Anyone have any idea what a vintage Goodman Axiom 12" instrument speaker might be worth? I have 2 that are somewhere between '58 and '62 from the info I got from the fellow I got the cabinet from. They sound fantastic however I am worried about damaging them with my head so I am thinking about finding a good home for them. They are 8ohm however I haven't been able to find any info on what wattage they are.
Cheers gang and thanks in advance for any input.
Steve


----------



## middleagedfart (May 9, 2012)

Depends on the years they were made. Here is a set that I picked up recently.










and installed in my enclosure:










These were made in the same time frame. So they should look very similar. Yours should have a green label. Built like tanks. Cast aluminium frame. Sensitive as hell. Makes my 15 watter as loud as my 30 watt. They are not huge wattage - about 20-25 watts each.

They were used in early Vox and early Marshall cabs. You are correct, they sound fantastic - mine are more bass resonance - so I have to balance it out with an open back cab. With my 15 watt Marshall head I get great smoky tone. And that is a solid state head to boot. 

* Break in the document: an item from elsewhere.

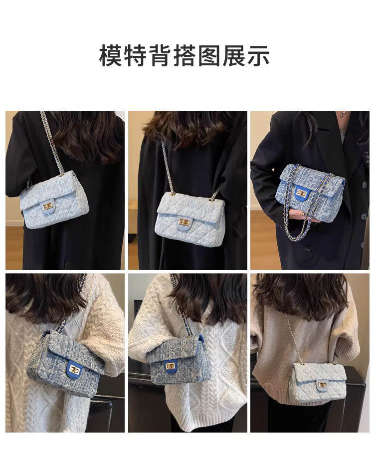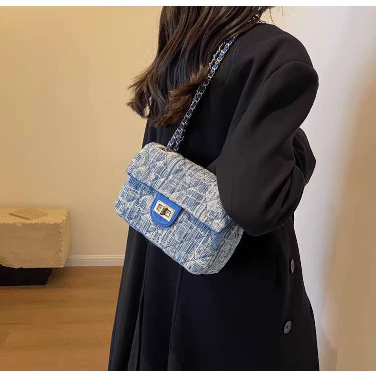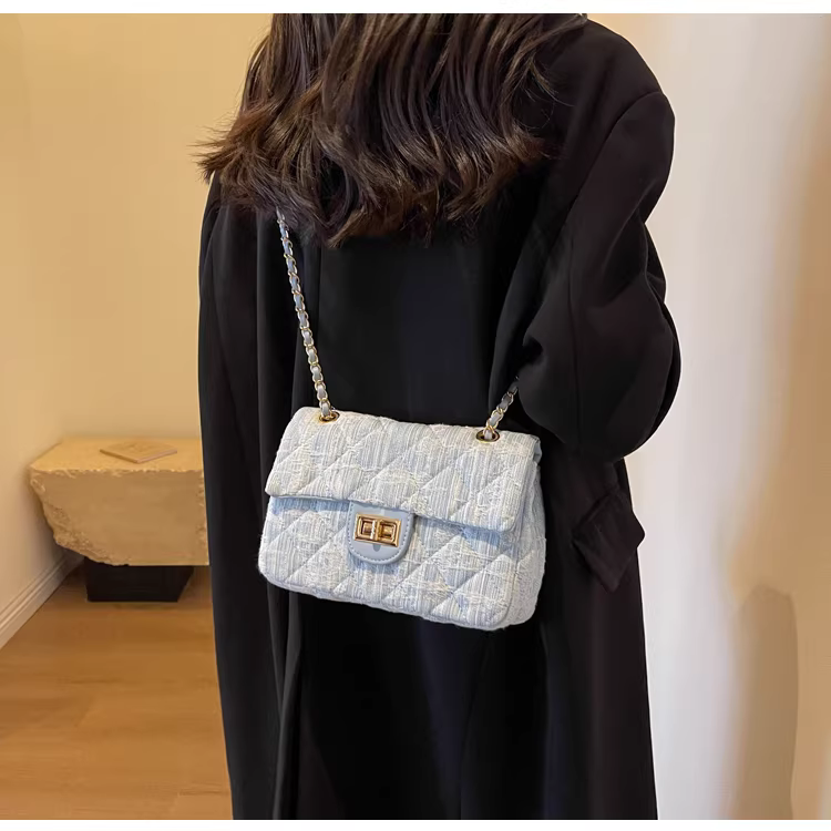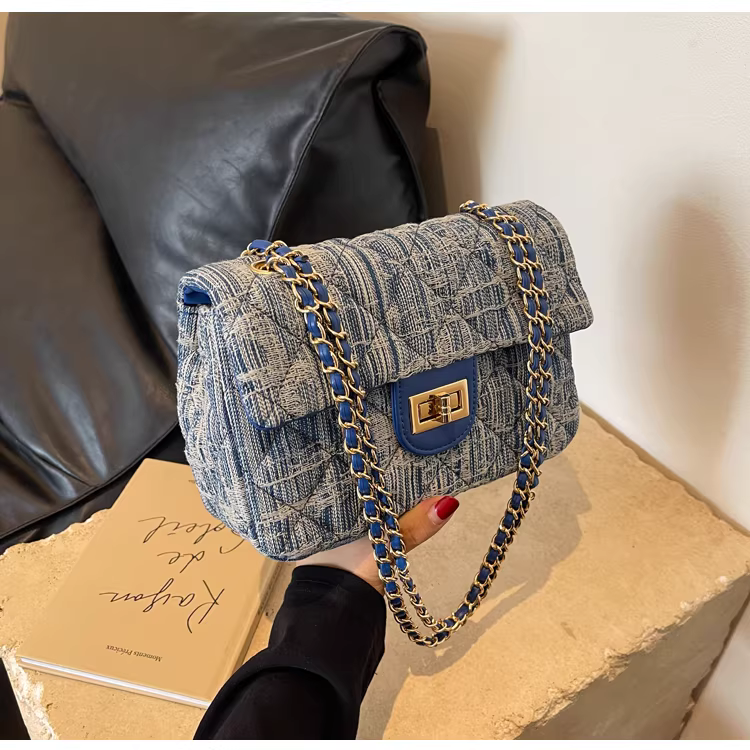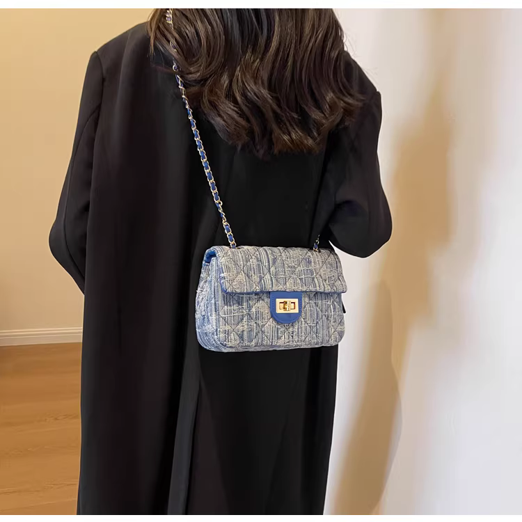 - Túi denim nữ, thiết kế độc đáo, thời trang mới 2025, túi đeo chéo mùa thu may chần, túi đeo vai phổ biến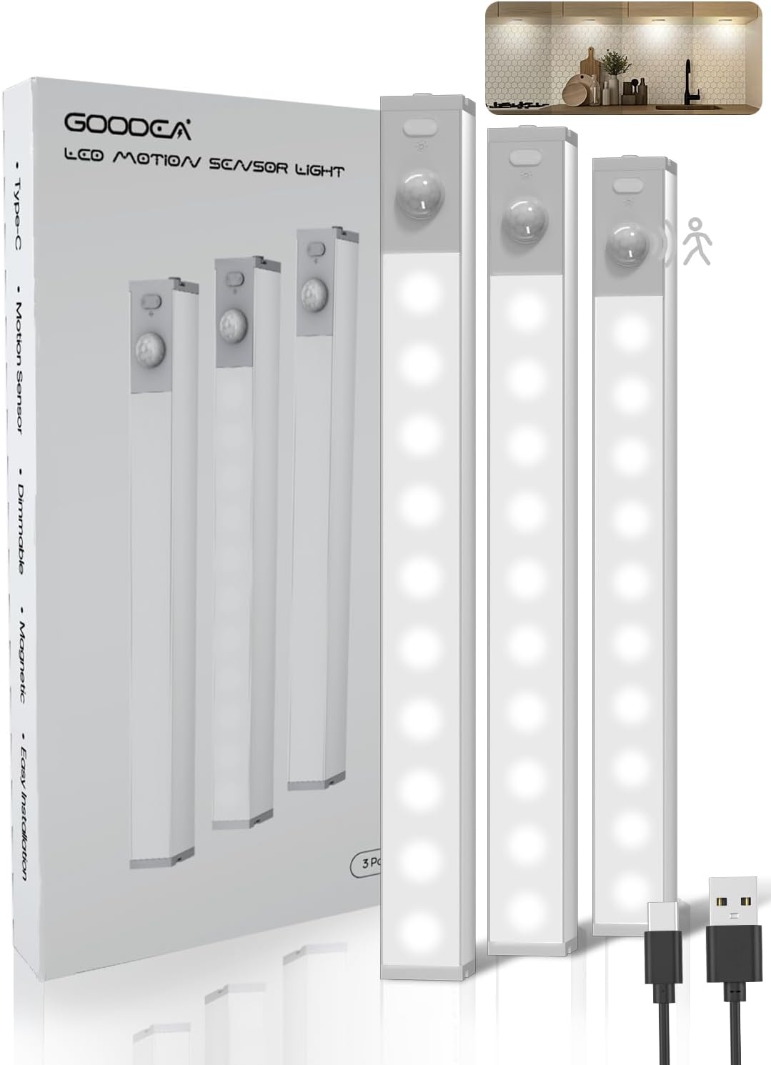 If you often fumble for the light in a cupboard, wardrobe, drawer or dim stair area, this GOODEA rechargeable under-cabinet “stair light” is aimed at solving that exact annoyance. It’s a small 18cm aluminium alloy cabinet light with 10 LEDs, designed to sit under shelves or along edges where you want a practical glow rather than overhead lighting.

They are worth quite a bit in the current market. Suggest you check out ebay.co.uk and see how much they actually go for. You will be surprised. Pairs in good shape go for over $400...


----------



## Gear Pig (Mar 25, 2007)

Thanks for the info. It took me a while to figure out what they were as the company had removed the dust covers so the sticker wasn't there. The only way I could identify them was the cast, which has Made in England in the cast. If I'm not mistaken these are the full range model with the center horn. I've had a hard time finding any info. The cabinet was made by a company named Berelson in Quebec which as far as I can find out only produced from around '57 to '63.


----------



## middleagedfart (May 9, 2012)

Post a pic of it. If it has the Whizzer cone, then they are ones for PA use. It should have a similar frame to mine.


If they look like this:

View attachment 937



Then check out this ebay auction:

http://www.ebay.com/itm/pair-Goodma...75?pt=Speakers_Subwoofers&hash=item33668d18e3


----------



## Gear Pig (Mar 25, 2007)

The frames are identical, that was how I was able to id them, at first I was thinking they might be Fane from the volume they put out and the clarity.
Thanks for the link, I figured 300$ for the pair would be reasonable and a good deal for someone who could appreciate them.
When I get home tomorrow I'll put some pics up.


----------



## middleagedfart (May 9, 2012)

Yep, that sounds about right. I grabbed mine off Kijiji for $80 for the pair. What a score!


----------



## Gear Pig (Mar 25, 2007)

Wow, excellent deal!


----------



## washburned (Oct 13, 2006)

These have no value whatsoever, but if you like, bring them over and drop them off on my back porch and I will take them to the dump for you.


----------



## Gear Pig (Mar 25, 2007)

Touché Jim, touché!! Lol


----------



## J-75 (Jul 29, 2010)

I bought an Audiom 61 Bass in '62 - kept in box until about 5 years ago. Sold for $80
It's suspension is limp - more suited to home listening recorded music. 
It's got superb fidelity, but I don't think it'll stand up to live music applications.
Conversely, I got a pair of Goodmans Power Range 18" for home stereo woofers. The suspension on them was too stiff, and didn't work for home listening levels.
They needed to be run at high power levels.


----------



## middleagedfart (May 9, 2012)

Depends on how much wattage you throw at them. I run a 15 watt Marshall through them. They can handle that no problem.


----------



## Gear Pig (Mar 25, 2007)

Finally got around to snapping some pics. They look like the mates to what you middleaged, hard to tell if they are the same model however I know I've plugged in a Marshall Valvestate 8008 into it, my V30, and a Blue Voodoo head and they all sounded great, and clean! So I wouldn't hesitate to say that they are probably 61's also. Thanks for the info gang!!
Cheers,
Steve


----------



## middleagedfart (May 9, 2012)

Yep, those are 61's. Bass models for sure. Great sounding speaker. I run my Sykes head with EL84 conversion (thanks to THD Yellowjackets) and they sound just fab.. I can run my guitar or bass through them and they work real nice. If I close the back on my cab, it's perfect for bass. Open for guitar..


----------



## Gear Pig (Mar 25, 2007)

They do sound awesome, I'd love to keep them but I don't want to damage them, think I'll offer the pair out for $175 and see if I can find them a nice home that can appreciate them as much as I have, or more 
Cheers


----------



## middleagedfart (May 9, 2012)

unless you throw mucho wattage too them, they are pretty robust..keep it under 50 watts a pair..


----------